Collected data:
—————

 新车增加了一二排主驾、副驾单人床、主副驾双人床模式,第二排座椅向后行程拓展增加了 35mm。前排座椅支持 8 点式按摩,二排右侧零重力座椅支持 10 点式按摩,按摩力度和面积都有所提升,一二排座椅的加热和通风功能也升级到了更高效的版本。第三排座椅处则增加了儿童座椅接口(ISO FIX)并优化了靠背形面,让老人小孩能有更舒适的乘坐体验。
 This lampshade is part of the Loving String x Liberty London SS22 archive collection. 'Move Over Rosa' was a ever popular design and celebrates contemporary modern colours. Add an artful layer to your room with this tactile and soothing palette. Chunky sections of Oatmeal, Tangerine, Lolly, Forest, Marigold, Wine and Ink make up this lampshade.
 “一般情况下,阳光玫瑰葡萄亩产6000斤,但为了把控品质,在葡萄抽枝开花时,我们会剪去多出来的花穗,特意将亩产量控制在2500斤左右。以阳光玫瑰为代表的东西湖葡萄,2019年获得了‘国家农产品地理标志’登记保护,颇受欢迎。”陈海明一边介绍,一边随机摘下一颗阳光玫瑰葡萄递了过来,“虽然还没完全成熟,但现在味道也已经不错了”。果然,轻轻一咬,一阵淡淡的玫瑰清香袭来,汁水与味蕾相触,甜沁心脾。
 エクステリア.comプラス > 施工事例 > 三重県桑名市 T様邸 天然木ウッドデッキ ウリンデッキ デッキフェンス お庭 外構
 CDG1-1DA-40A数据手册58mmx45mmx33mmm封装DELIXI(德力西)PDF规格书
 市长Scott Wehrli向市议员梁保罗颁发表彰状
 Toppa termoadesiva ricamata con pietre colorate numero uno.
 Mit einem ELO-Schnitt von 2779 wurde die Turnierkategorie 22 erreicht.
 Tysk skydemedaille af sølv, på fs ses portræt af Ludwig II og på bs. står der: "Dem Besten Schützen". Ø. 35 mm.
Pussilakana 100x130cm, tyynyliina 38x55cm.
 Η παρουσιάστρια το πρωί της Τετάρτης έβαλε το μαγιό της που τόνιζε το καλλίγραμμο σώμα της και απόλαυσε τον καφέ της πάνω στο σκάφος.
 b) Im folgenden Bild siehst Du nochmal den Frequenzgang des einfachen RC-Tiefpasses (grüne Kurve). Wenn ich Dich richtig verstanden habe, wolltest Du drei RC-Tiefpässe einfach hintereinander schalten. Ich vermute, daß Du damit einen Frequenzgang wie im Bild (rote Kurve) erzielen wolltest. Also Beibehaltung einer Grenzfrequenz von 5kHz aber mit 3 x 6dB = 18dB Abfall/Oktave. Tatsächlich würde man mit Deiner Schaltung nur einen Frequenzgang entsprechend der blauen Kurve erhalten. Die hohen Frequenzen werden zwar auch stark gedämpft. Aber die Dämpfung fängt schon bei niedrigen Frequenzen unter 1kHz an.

—————

» **DESCRIPTION OF THE TASK**
Starting at the line above that contains "Tysk skydemedaille af", write out each line exactly until the line that contains "Η παρουσιάστρια το" has been written, and stop there.

» **TASK RESULT**
 Tysk skydemedaille af sølv, på fs ses portræt af Ludwig II og på bs. står der: "Dem Besten Schützen". Ø. 35 mm.
Pussilakana 100x130cm, tyynyliina 38x55cm.
 Η παρουσιάστρια το πρωί της Τετάρτης έβαλε το μαγιό της που τόνιζε το καλλίγραμμο σώμα της και απόλαυσε τον καφέ της πάνω στο σκάφος.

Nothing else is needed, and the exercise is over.